Advent of Code 2023 - Day 17Clumsy Crucible

R | Problem statement | Source code | Tags: Grid walkingDijkstra

Part 1

This is very obviously a Dijkstra problem, where we want to walk the grid and minimize the total cost. However, it's not the case that we can always go to all our neighbors, because we can walk at most 3 steps in a given direction, and we can only turn 90 degrees. Therefore, we have to also keep track of the current direction and how many steps we've taken in that direction. This means that our state is a tuple of (i, j, dir, steps). The transition is defined by (unfortunately named access in R is much slower than index access, and lists are much slower than vectors, so this is less readable than I'd like):

neighbors <- function(w, h, node) {
res <- list()
for (ndir in 1:4) {
if (node[3] == ndir && node[4] == 3) {
next
}
if (
node[3] == 1 &&
ndir == 3 ||
node[3] == 3 && ndir == 1 ||
node[3] == 2 && ndir == 4 ||
node[3] == 4 && ndir == 2
) {
# Can't turn 180 degrees
next
}
diff <- dir_to_diff[[ndir]]
ni <- node[1] + diff[1]
nj <- node[2] + diff[2]
if (ni >= 1 && ni <= h && nj >= 1 && nj <= w) {
nsteps <- if (node[3] == ndir) node[4] + 1 else 1
res <- push(res, c(ni, nj, ndir, nsteps))
}
}
res
}
R

Now we can run standard Dijkstra's. Because the collections package's priority_queue is a max-heap, we have to negate the costs to get the minimum cost. We can stop as soon as we reach the bottom-right corner.

Note that I don't start at (1, 1), but at (1, 2) and (2, 1), because all states need to have a defined direction and a positive step count, so I have to manually take the first step to kick off the algorithm.

dijkstra <- function(mat) {
width <- ncol(mat)
height <- nrow(mat)
# 1 = right, 2 = down, 3 = left, 4 = up
dist <- array(Inf, dim = c(height, width, 4, 3))
dist[1, 2, 1, 1] <- mat[[1, 2]]
dist[2, 1, 2, 1] <- mat[[2, 1]]
pq <- priority_queue()
pq$push(c(1, 2, 1, 1, mat[[1, 2]]), priority = -mat[[1, 2]])
pq$push(c(2, 1, 2, 1, mat[[2, 1]]), priority = -mat[[2, 1]])
while (pq$size() > 0) {
u <- pq$pop()
if (u[1] == height && u[2] == width) {
return(u[5])
}
for (v in neighbors(width, height, u)) {
new_cost <- u[5] + mat[v[1], v[2]]
if (new_cost < dist[v[1], v[2], v[3], v[4]]) {
dist[v[1], v[2], v[3], v[4]] <- new_cost
pq$push(c(v[1], v[2], v[3], v[4], new_cost), priority = -new_cost)
}
}
}
stop("No path found")
}
R

Part 2

The new rule just requires a different transition function. We need to take at least 4 steps before we can turn, and at most 10 steps.

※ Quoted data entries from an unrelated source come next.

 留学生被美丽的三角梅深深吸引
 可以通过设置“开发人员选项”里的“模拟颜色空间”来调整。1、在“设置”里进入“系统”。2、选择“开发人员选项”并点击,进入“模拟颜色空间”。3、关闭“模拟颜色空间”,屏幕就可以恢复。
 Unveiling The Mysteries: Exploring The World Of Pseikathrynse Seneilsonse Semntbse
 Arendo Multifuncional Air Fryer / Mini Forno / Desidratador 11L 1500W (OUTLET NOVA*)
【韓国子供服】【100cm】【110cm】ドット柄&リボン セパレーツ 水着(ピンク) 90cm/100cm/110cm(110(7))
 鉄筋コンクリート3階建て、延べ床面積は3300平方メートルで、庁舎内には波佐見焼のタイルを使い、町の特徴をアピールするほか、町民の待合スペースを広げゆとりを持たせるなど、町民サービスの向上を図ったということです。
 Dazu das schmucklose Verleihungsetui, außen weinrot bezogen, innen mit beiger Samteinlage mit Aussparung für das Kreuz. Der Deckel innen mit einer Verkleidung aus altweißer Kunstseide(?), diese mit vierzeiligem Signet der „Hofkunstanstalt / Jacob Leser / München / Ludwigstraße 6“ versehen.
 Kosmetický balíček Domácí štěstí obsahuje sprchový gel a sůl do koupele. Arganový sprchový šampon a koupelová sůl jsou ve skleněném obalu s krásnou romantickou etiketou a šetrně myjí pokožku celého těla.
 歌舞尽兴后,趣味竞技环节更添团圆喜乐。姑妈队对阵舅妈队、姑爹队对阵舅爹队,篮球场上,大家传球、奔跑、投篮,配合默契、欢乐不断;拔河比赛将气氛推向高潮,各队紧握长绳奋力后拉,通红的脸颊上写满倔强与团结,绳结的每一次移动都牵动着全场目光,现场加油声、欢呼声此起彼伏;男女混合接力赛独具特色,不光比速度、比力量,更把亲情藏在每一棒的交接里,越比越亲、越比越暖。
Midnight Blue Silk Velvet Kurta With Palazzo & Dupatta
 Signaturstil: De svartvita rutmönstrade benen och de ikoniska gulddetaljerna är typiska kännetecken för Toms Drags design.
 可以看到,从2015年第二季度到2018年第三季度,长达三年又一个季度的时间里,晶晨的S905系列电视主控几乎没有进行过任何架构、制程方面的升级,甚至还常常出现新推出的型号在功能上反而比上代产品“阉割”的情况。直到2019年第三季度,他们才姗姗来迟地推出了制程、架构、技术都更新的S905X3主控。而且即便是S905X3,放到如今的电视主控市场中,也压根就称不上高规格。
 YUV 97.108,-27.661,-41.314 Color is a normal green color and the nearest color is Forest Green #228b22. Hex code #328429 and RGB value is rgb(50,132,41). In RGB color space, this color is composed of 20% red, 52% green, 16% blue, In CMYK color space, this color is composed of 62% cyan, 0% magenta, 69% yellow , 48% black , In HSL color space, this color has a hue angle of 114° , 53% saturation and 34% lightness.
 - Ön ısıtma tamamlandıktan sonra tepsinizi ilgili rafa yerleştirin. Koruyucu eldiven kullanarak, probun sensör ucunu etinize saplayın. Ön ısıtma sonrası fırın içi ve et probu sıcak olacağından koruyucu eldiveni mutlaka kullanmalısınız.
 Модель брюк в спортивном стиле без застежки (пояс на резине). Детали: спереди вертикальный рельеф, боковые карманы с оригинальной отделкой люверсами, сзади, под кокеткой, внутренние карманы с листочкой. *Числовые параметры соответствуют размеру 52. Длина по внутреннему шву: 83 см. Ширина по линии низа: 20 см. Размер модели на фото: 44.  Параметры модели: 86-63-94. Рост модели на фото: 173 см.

neighbors_ultra <- function(w, h, node) {
res <- list()
dirs <- if (node[4] < 4) node[3] else 1:4
for (ndir in dirs) {
if (node[3] == ndir && node[4] == 10) {
next
}
# Everything else the same
}
res
}
R

Because the maximum number of steps is bigger, the graph is also bigger because we have more states. I pass neighbors and max_steps as arguments to dijkstra so that I can reuse the same function. It runs for 5 seconds.